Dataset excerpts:
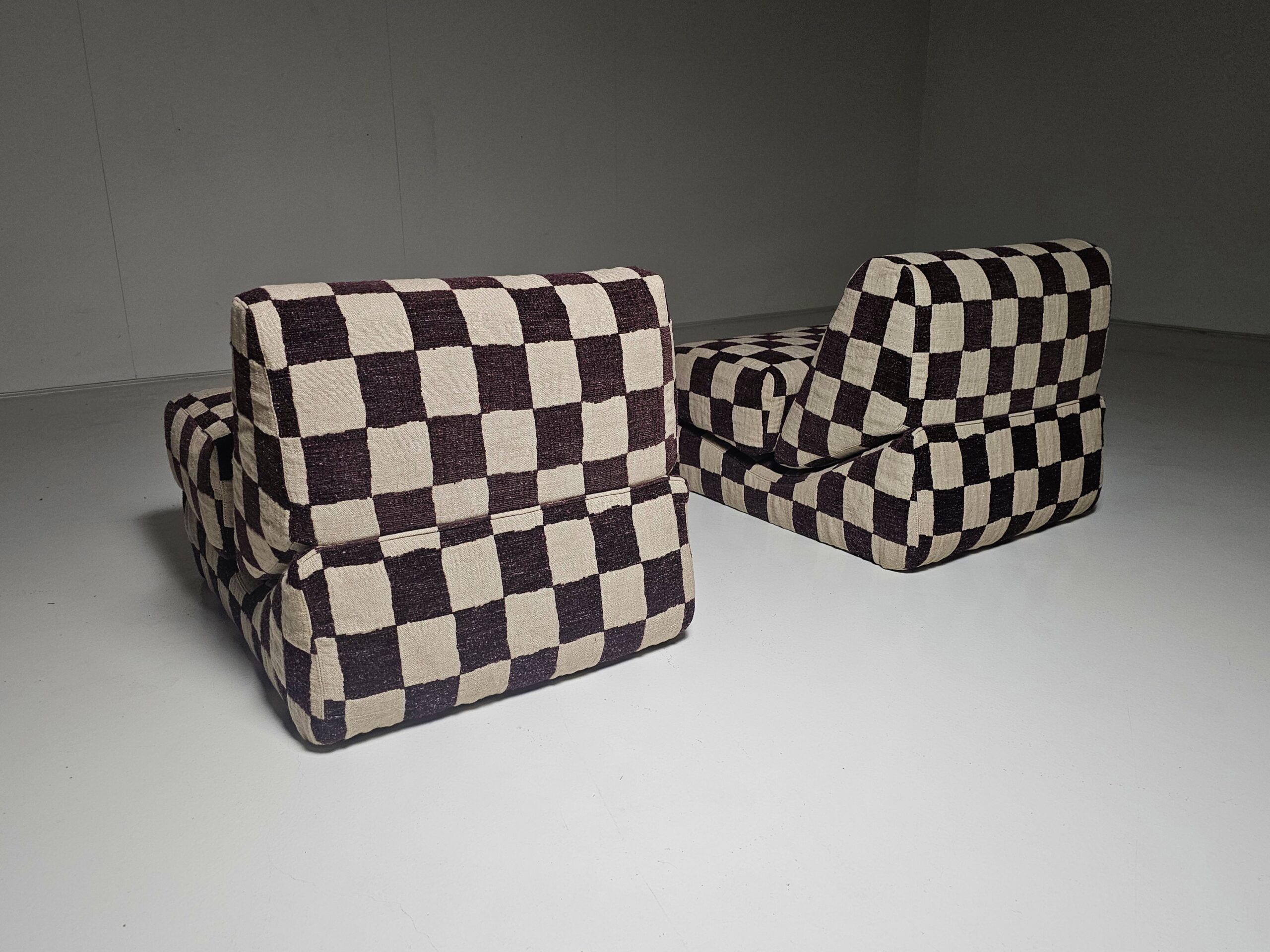 Jonathan de Pas, Donato D’Urbino, and Paolo Lomazzi are a legendary band of Milanese architects and designers who began to collaborate on iconic and unconventional designs in the 1960s. They embraced the pop spirit of their age, incorporating the best in Italian design and rejecting the stark functionality of the international style. This wonderful multifunctional chaise lounge is made up of squishy wedges that can be reordered to make a daybed. It proclaims the design philosophy of its makers in its playful simplicity and the prioritisation of comfort and fun. It has been recently reupholstered in a gorgeous new eggplant colored checkered wool/linen mix fabric by Zinc Textiles. Full size is 190cm
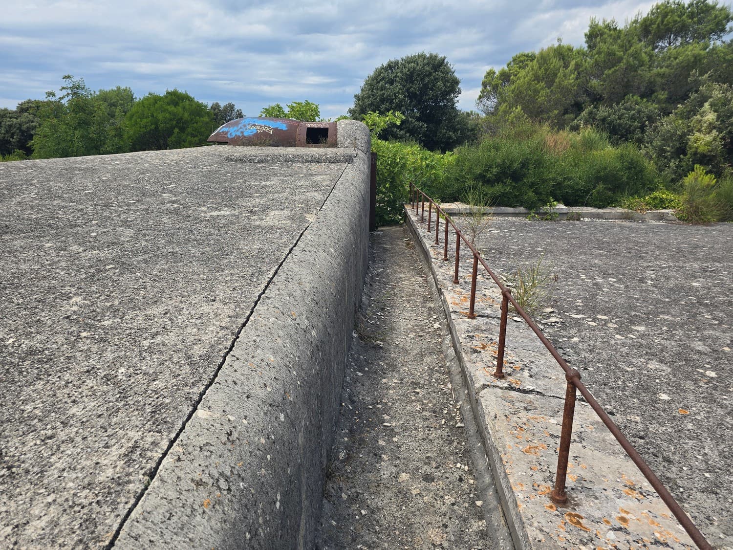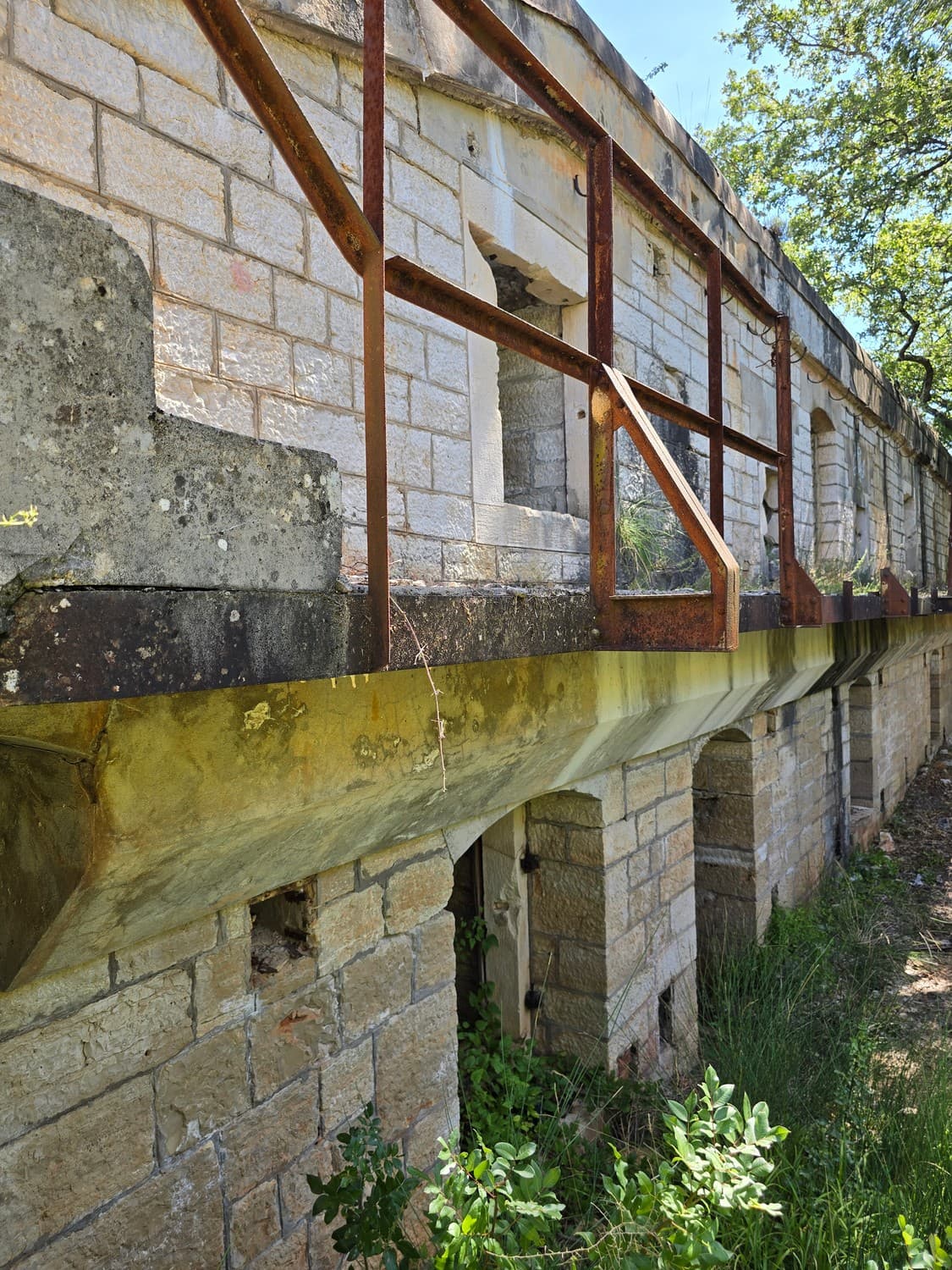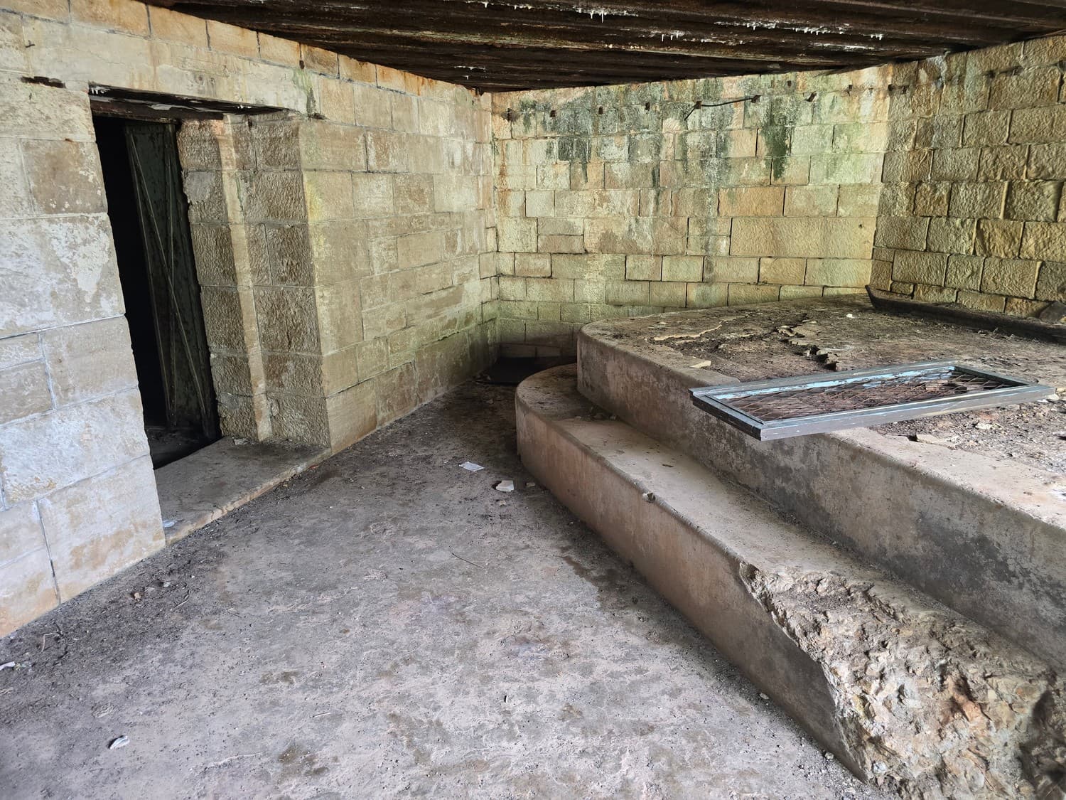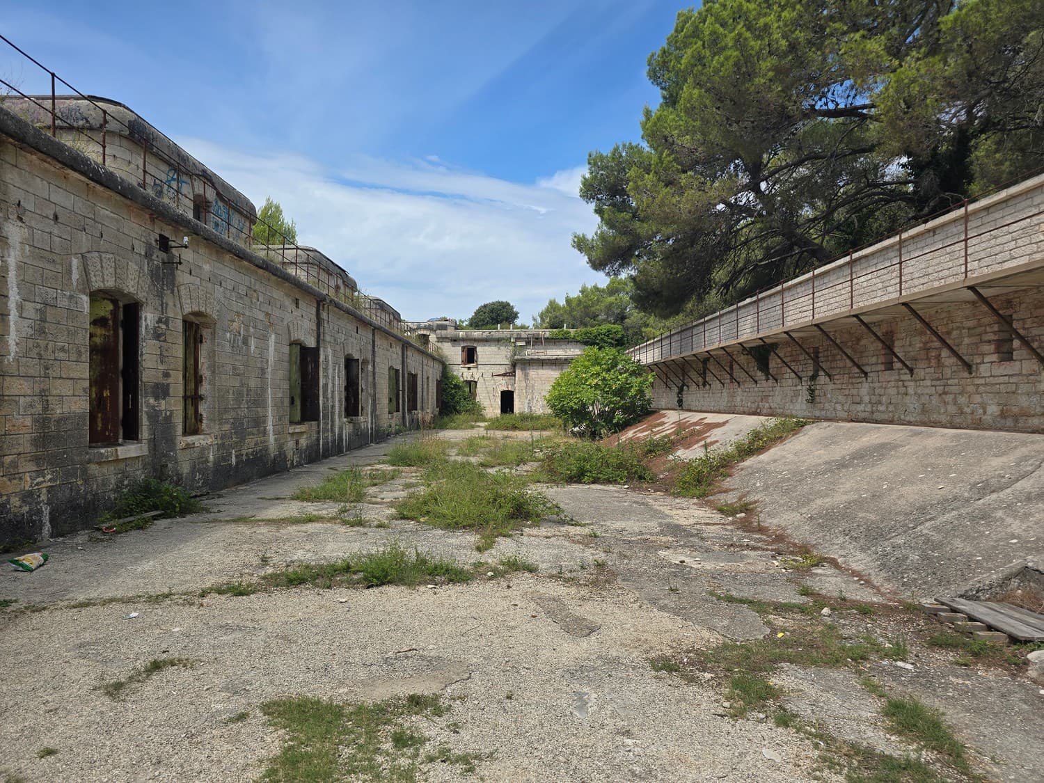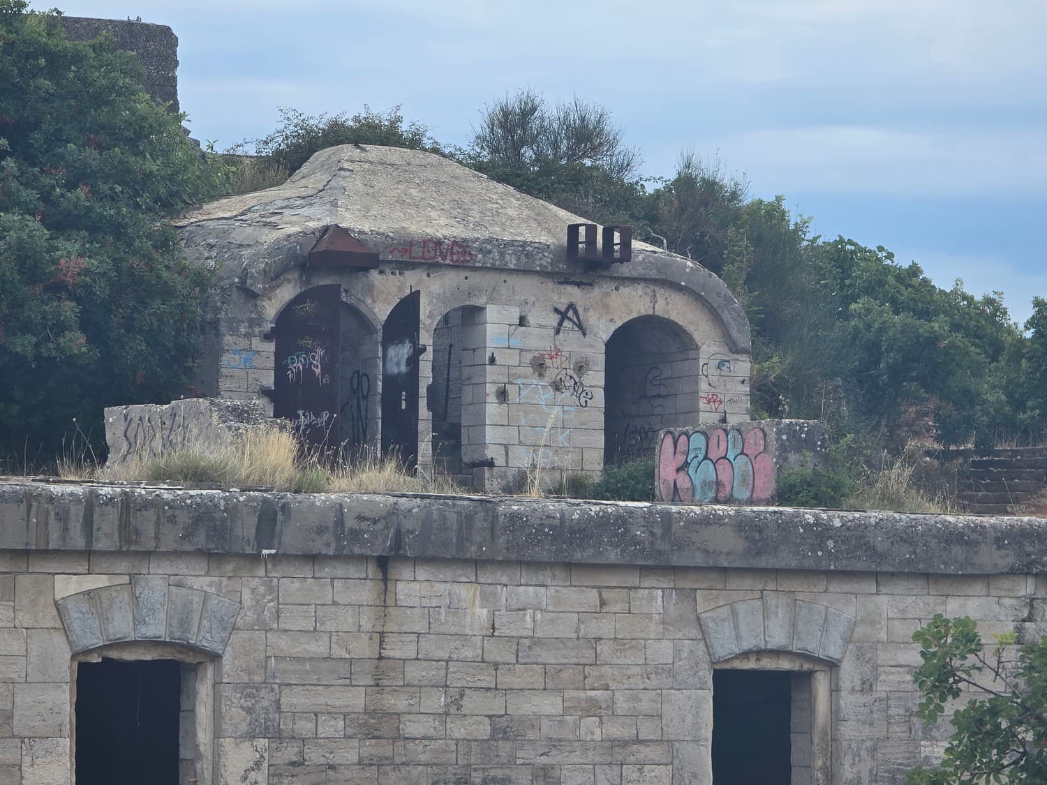 So, somewhere at the beginning of the 20th century the fortifications across Europe were upgraded with concrete roofs. I guess, in case of fort Benedetto, its fire platforms fell victim to the upgrade. The southern gun platform had a gun hangar next to it, and upon giving the upgrade they didn't even bother removing the rails: the rails just went straight under the concrete slab. It's not like people hoped to remove the protective cover one day, bring the guns back and resume like nothing had happened, is it?
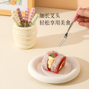 川岛屋可爱水果叉套装 家用轻奢高级感不锈钢蛋糕叉水果叉子收纳罐
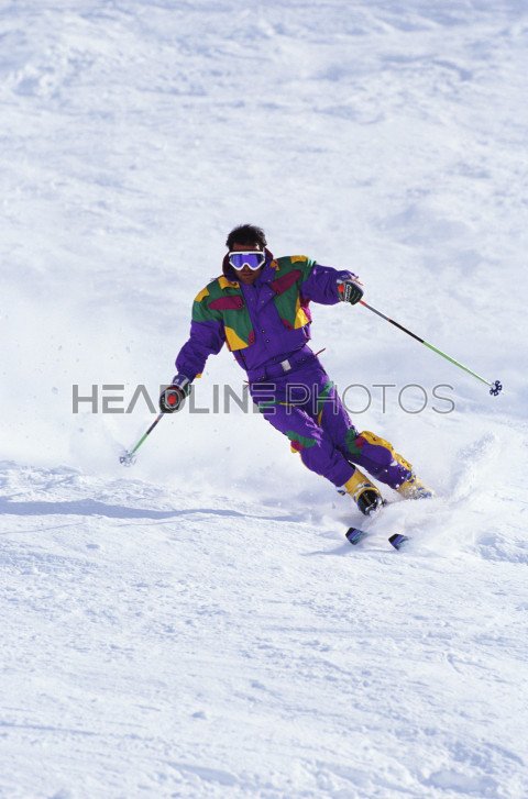 Alpine powder skier descending pristine slope
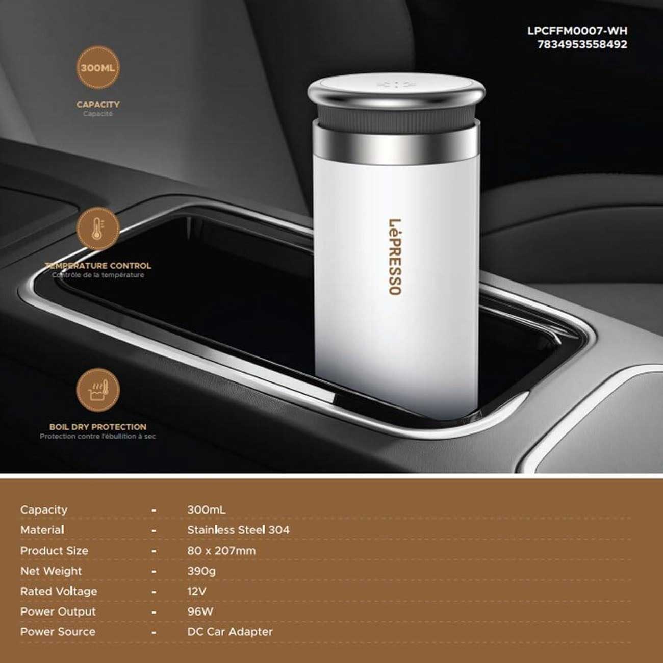 کتری برقی مسافرتی 300 میلی‌لیتری لپرسو مدل Lepresso Lp007 Portable Outdoor Electric Kettle With Car Adapter LPCFFM0007-WH
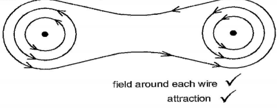 14. Figure 3 shows two current-carrying wires A and B passing through a cardboard.
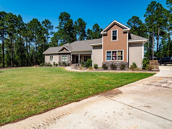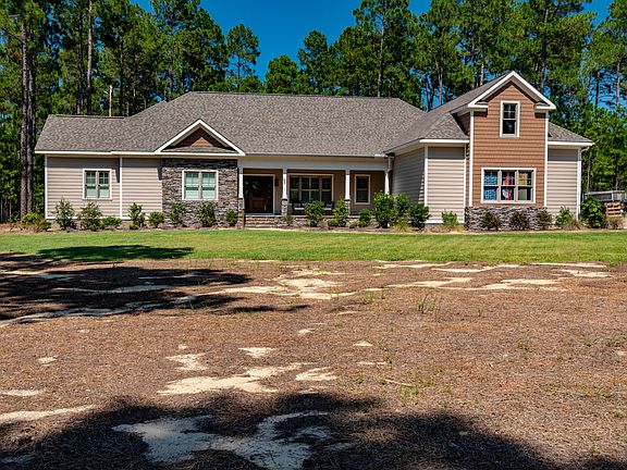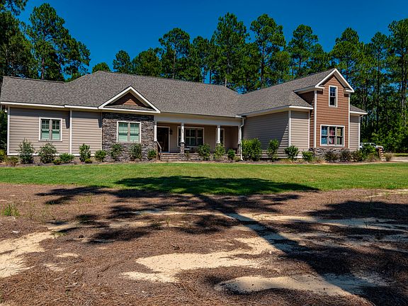 Wonderful 5 bedroom home in Grande Pines is waiting for a new family to make it their own. This custom built home at the end of a cull de sac sits on 2.4 acres. The one owner home has all the upgrades you need. As you step into the entrance you will be welcomed by a stone fireplace in the living room & a beautiful view of the salt water pool & backyard. The kitchen is a cook's dream complete with double oven, gas cooktop, pot filler, custom built hood range, farmhouse sink, breakfast bar, island with prep sink, a walk in pantry, SS appliances including wine cooler! The owner's suite offers a sitting area perfect for reading or relaxing. A beautiful barn door opens to his/her's walk in closets & bath with large walk in shower with 2 shower heads. The second bedroom on the main level has ensuite bath. Two other guests rooms share a bath. Upstairs you will find 2 large storage areas (one has been wired for mini split) desk space, full bath & bonus room that could be used as a bedroom. Other features include crown moulding, mini split in garage, hardwoods & tile flooring. The screened porch has been wired for TV. Many rooms have custom plantation shutters. Tank is leased through Sandhills Propane & is used for gas cooktop, tankless water heater, fire pit & grill. The crawlspace is encapsulated.

**Required work:** Could the entries above be retyped exactly, with the pictures left out?

**Your response:**
 Jonathan de Pas, Donato D’Urbino, and Paolo Lomazzi are a legendary band of Milanese architects and designers who began to collaborate on iconic and unconventional designs in the 1960s. They embraced the pop spirit of their age, incorporating the best in Italian design and rejecting the stark functionality of the international style. This wonderful multifunctional chaise lounge is made up of squishy wedges that can be reordered to make a daybed. It proclaims the design philosophy of its makers in its playful simplicity and the prioritisation of comfort and fun. It has been recently reupholstered in a gorgeous new eggplant colored checkered wool/linen mix fabric by Zinc Textiles. Full size is 190cm
 So, somewhere at the beginning of the 20th century the fortifications across Europe were upgraded with concrete roofs. I guess, in case of fort Benedetto, its fire platforms fell victim to the upgrade. The southern gun platform had a gun hangar next to it, and upon giving the upgrade they didn't even bother removing the rails: the rails just went straight under the concrete slab. It's not like people hoped to remove the protective cover one day, bring the guns back and resume like nothing had happened, is it?
 川岛屋可爱水果叉套装 家用轻奢高级感不锈钢蛋糕叉水果叉子收纳罐
 Alpine powder skier descending pristine slope
 کتری برقی مسافرتی 300 میلی‌لیتری لپرسو مدل Lepresso Lp007 Portable Outdoor Electric Kettle With Car Adapter LPCFFM0007-WH
 14. Figure 3 shows two current-carrying wires A and B passing through a cardboard.
 Wonderful 5 bedroom home in Grande Pines is waiting for a new family to make it their own. This custom built home at the end of a cull de sac sits on 2.4 acres. The one owner home has all the upgrades you need. As you step into the entrance you will be welcomed by a stone fireplace in the living room & a beautiful view of the salt water pool & backyard. The kitchen is a cook's dream complete with double oven, gas cooktop, pot filler, custom built hood range, farmhouse sink, breakfast bar, island with prep sink, a walk in pantry, SS appliances including wine cooler! The owner's suite offers a sitting area perfect for reading or relaxing. A beautiful barn door opens to his/her's walk in closets & bath with large walk in shower with 2 shower heads. The second bedroom on the main level has ensuite bath. Two other guests rooms share a bath. Upstairs you will find 2 large storage areas (one has been wired for mini split) desk space, full bath & bonus room that could be used as a bedroom. Other features include crown moulding, mini split in garage, hardwoods & tile flooring. The screened porch has been wired for TV. Many rooms have custom plantation shutters. Tank is leased through Sandhills Propane & is used for gas cooktop, tankless water heater, fire pit & grill. The crawlspace is encapsulated.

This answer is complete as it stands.